━━━ SUPPLIED ENTRIES ━━━
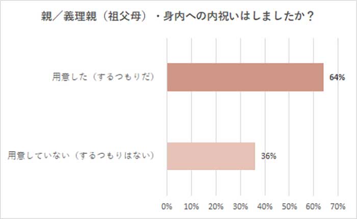 両親など身内に内祝いを準備する人は全体の約6割で、用意する派の方が多いことがわかりました。
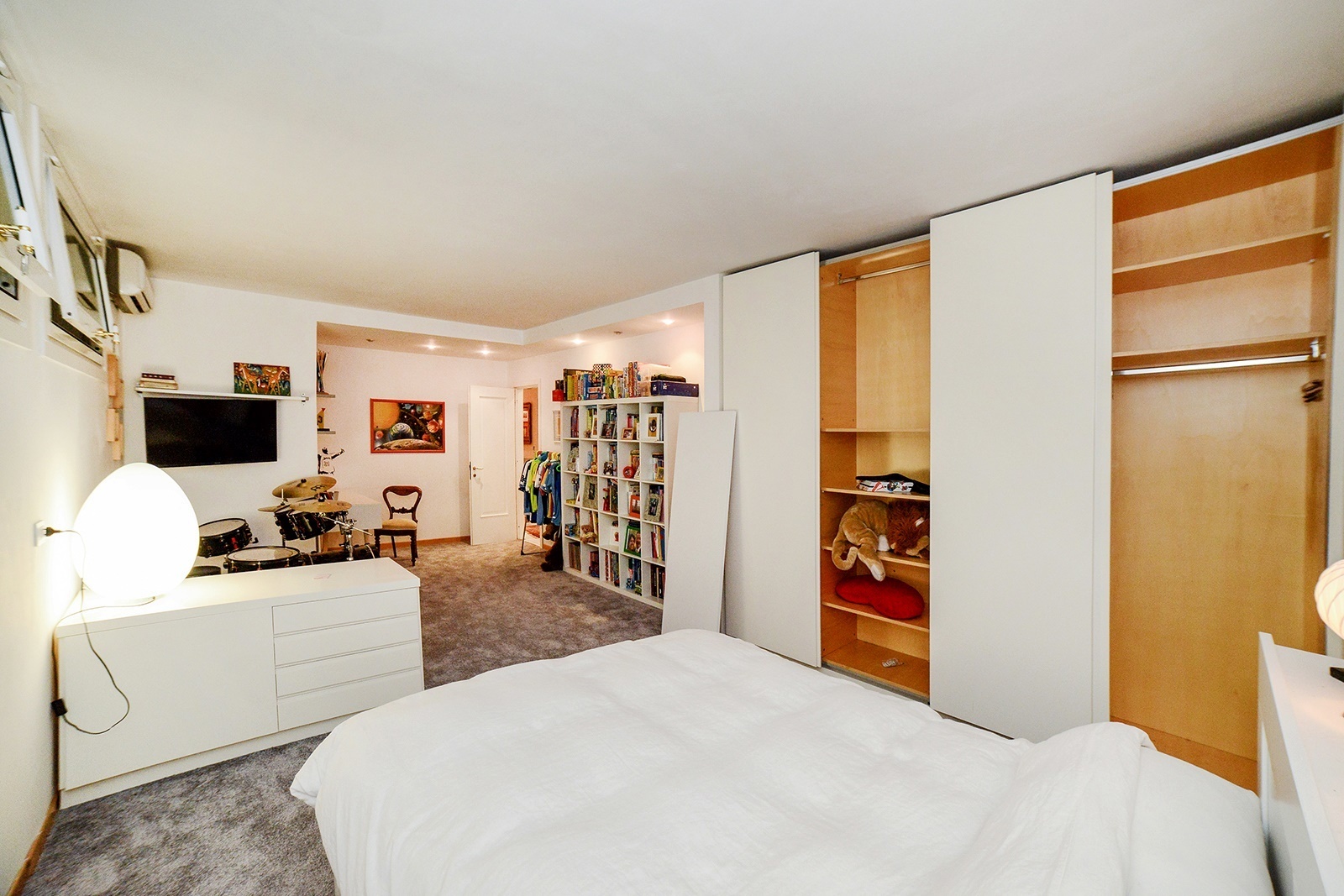 Upstairs is the master suite with a balcony, 2 large bathrooms (one of the two with a whirlpool bath), a wardrobe room with a balcony and another bright bedroom that may be used as study, which also has a balcony and fireplace. From the wardrobe room, via a staircase, the attic is well organized as a storage room.
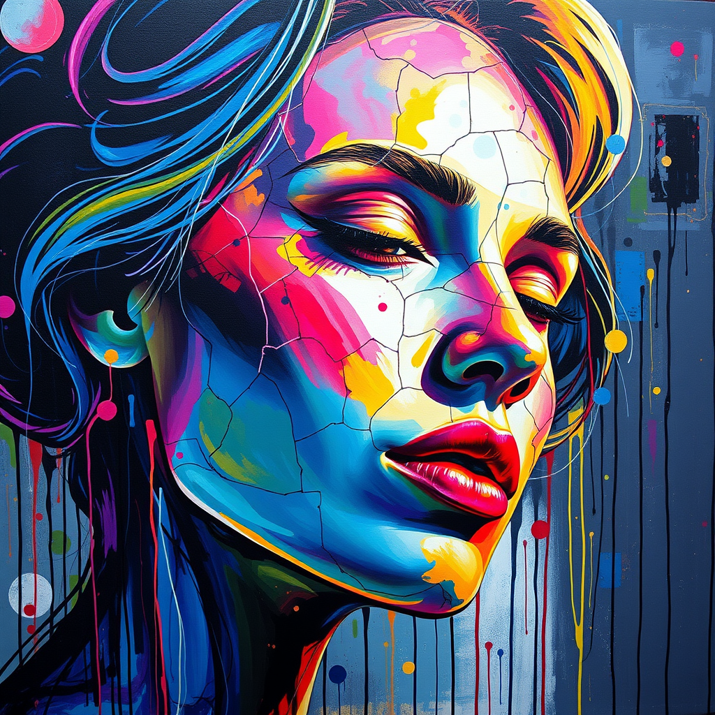 A canvas painting of a woman in vivid and colorful hues, inspired by the style of Martin Ansin, featuring serene faces with a cracked effect, echoing the artistry of Dimitry Roulland. The piece employs a paint dripping technique with stunning colors and incorporates geometric elements to enhance the composition.
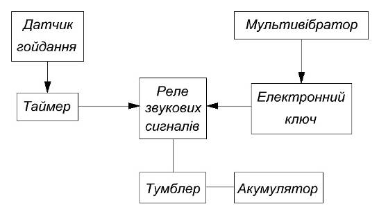 – електронного ключа, який періодично включає реле звукових сигналів;
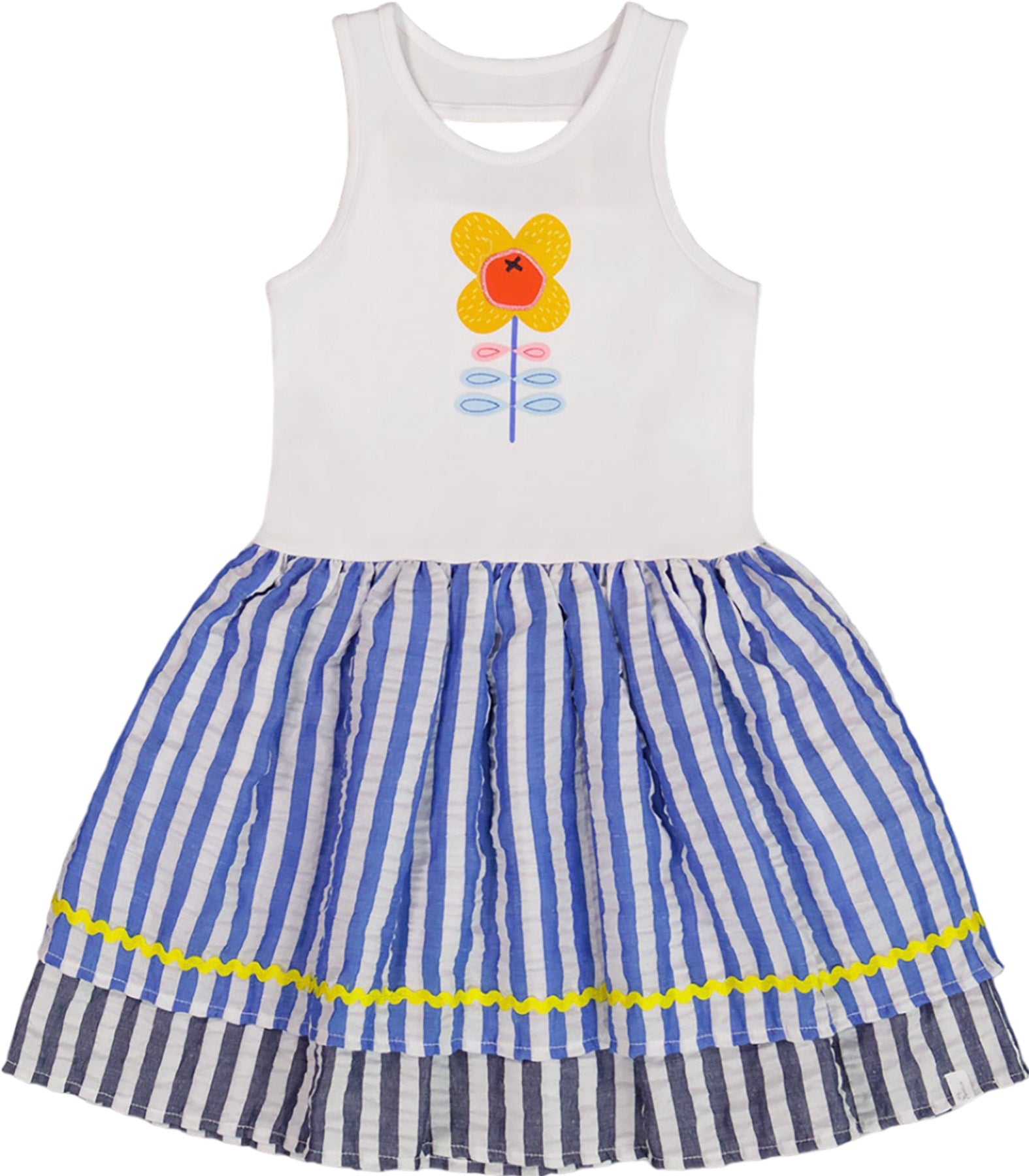 A back cutout and a graphic print on the chest make our Bi-Material Cotton and Seersucker Dress White and Royal Blue simply adorable from every point of view! This dress features a sleeveless cotton bodice with wide straps, a scoop neckline, and a flower print. The skirt features a flared silhouette with a contrast striped hem and yellow ricrac trim for an added pop of color.
━━━
__WORK INSTRUCTION__
Could you set down exactly, and only, the lines from the line containing "Upstairs is the" through the last line of the records, both included, without the pictures?

__YOUR SOLUTION__
 Upstairs is the master suite with a balcony, 2 large bathrooms (one of the two with a whirlpool bath), a wardrobe room with a balcony and another bright bedroom that may be used as study, which also has a balcony and fireplace. From the wardrobe room, via a staircase, the attic is well organized as a storage room.
 A canvas painting of a woman in vivid and colorful hues, inspired by the style of Martin Ansin, featuring serene faces with a cracked effect, echoing the artistry of Dimitry Roulland. The piece employs a paint dripping technique with stunning colors and incorporates geometric elements to enhance the composition.
 – електронного ключа, який періодично включає реле звукових сигналів;
 A back cutout and a graphic print on the chest make our Bi-Material Cotton and Seersucker Dress White and Royal Blue simply adorable from every point of view! This dress features a sleeveless cotton bodice with wide straps, a scoop neckline, and a flower print. The skirt features a flared silhouette with a contrast striped hem and yellow ricrac trim for an added pop of color.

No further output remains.